▸ **Task prompt**: Below are the entries. Transcribe exactly the lines from the one with "जैसे भजनों से" through the one with "1949年,北京,毛泽东在西郊机场与各民主党派人士会面。徐肖冰/摄。", ends included, and leave out all others.
(Task data Opens)
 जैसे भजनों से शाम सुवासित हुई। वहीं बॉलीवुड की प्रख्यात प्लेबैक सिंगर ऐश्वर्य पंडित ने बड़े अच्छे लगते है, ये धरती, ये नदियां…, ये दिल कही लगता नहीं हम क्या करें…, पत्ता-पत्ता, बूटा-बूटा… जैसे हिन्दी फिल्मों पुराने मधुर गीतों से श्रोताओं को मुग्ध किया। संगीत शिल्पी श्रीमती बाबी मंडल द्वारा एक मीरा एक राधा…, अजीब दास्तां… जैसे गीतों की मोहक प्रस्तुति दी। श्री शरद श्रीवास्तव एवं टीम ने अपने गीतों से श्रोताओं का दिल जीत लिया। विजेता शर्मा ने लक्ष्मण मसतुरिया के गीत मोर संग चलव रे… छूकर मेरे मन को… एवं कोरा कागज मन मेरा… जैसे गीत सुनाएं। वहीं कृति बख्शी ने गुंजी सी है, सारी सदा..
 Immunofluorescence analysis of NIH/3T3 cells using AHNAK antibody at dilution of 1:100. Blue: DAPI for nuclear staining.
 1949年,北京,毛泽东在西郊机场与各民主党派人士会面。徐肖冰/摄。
(Task data Closes)
(Task data Opens)
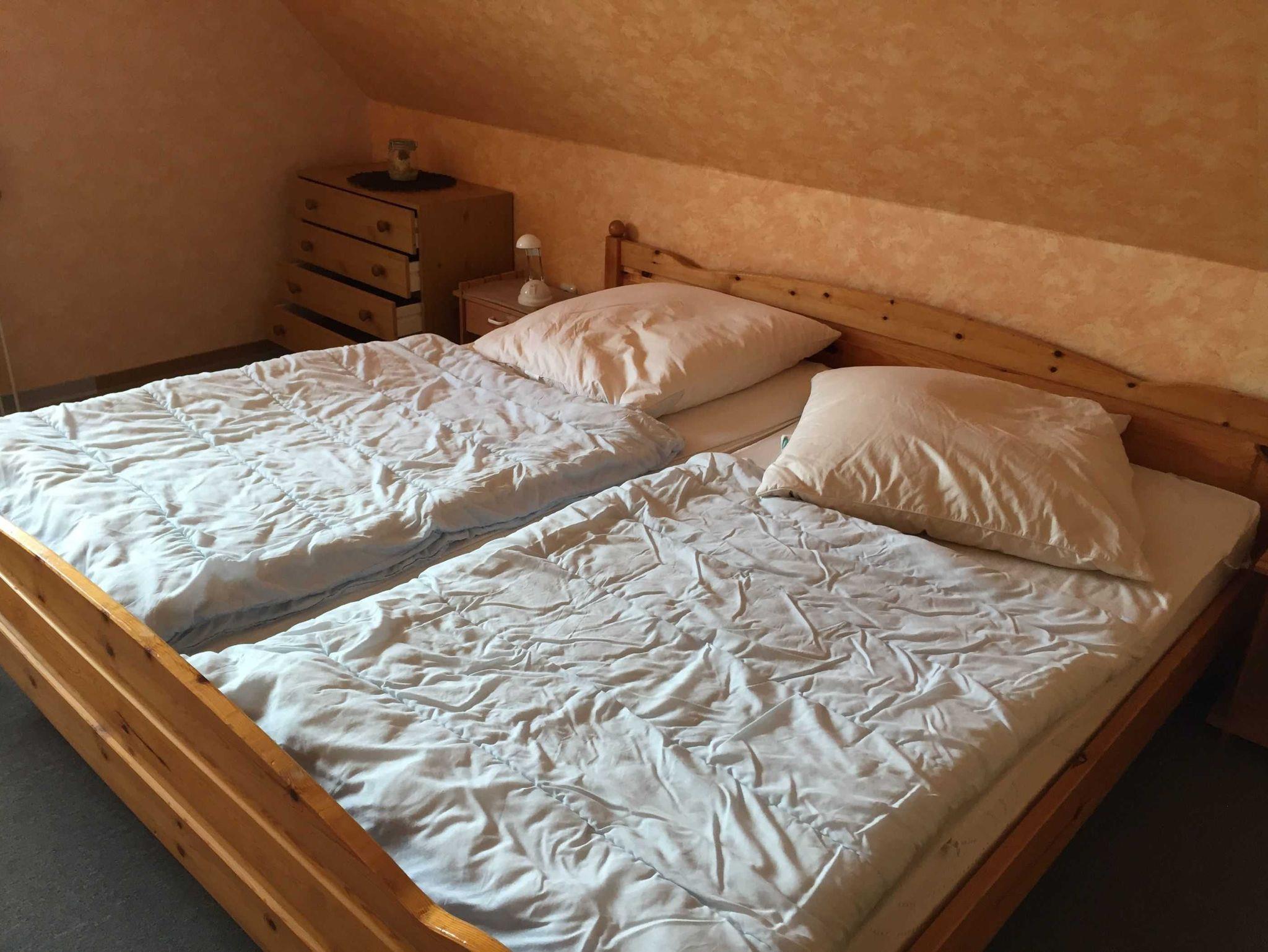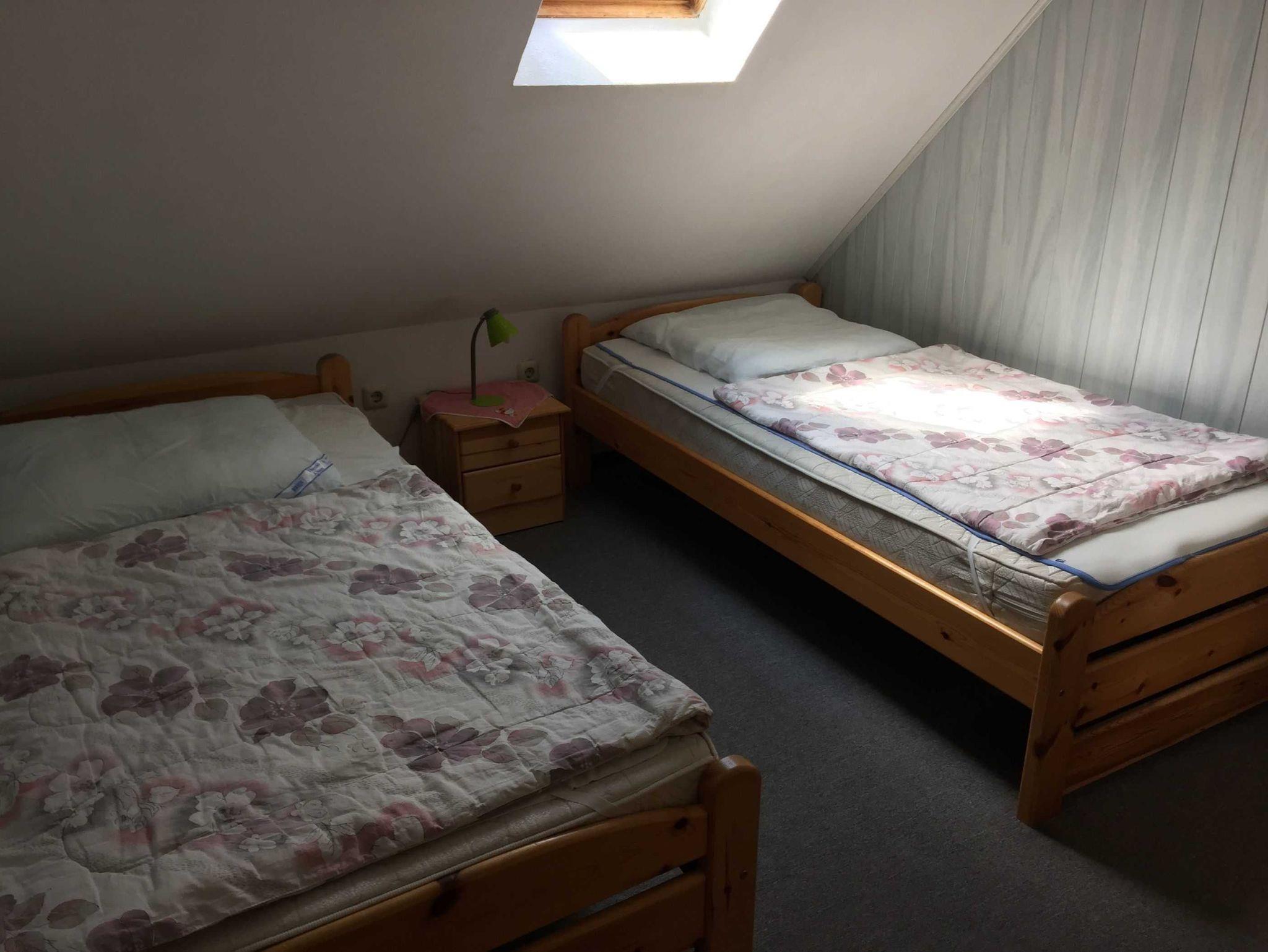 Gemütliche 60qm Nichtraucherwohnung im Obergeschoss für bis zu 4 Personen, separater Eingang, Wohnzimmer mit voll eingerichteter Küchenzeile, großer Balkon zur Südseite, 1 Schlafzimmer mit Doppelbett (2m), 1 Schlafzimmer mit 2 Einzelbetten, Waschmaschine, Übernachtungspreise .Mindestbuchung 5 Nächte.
(Task data Closes)
(Task data Opens)
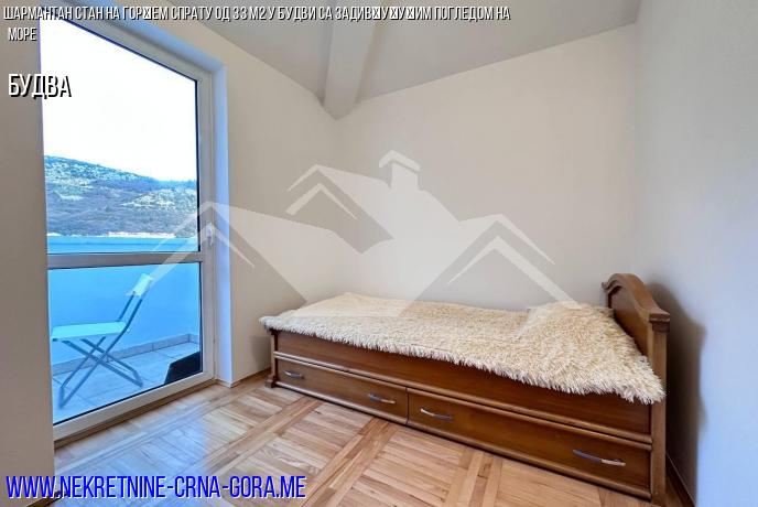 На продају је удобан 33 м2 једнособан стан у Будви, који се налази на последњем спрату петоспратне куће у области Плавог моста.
(Task data Closes)
▸ **Output below**:
 जैसे भजनों से शाम सुवासित हुई। वहीं बॉलीवुड की प्रख्यात प्लेबैक सिंगर ऐश्वर्य पंडित ने बड़े अच्छे लगते है, ये धरती, ये नदियां…, ये दिल कही लगता नहीं हम क्या करें…, पत्ता-पत्ता, बूटा-बूटा… जैसे हिन्दी फिल्मों पुराने मधुर गीतों से श्रोताओं को मुग्ध किया। संगीत शिल्पी श्रीमती बाबी मंडल द्वारा एक मीरा एक राधा…, अजीब दास्तां… जैसे गीतों की मोहक प्रस्तुति दी। श्री शरद श्रीवास्तव एवं टीम ने अपने गीतों से श्रोताओं का दिल जीत लिया। विजेता शर्मा ने लक्ष्मण मसतुरिया के गीत मोर संग चलव रे… छूकर मेरे मन को… एवं कोरा कागज मन मेरा… जैसे गीत सुनाएं। वहीं कृति बख्शी ने गुंजी सी है, सारी सदा..
 Immunofluorescence analysis of NIH/3T3 cells using AHNAK antibody at dilution of 1:100. Blue: DAPI for nuclear staining.
 1949年,北京,毛泽东在西郊机场与各民主党派人士会面。徐肖冰/摄。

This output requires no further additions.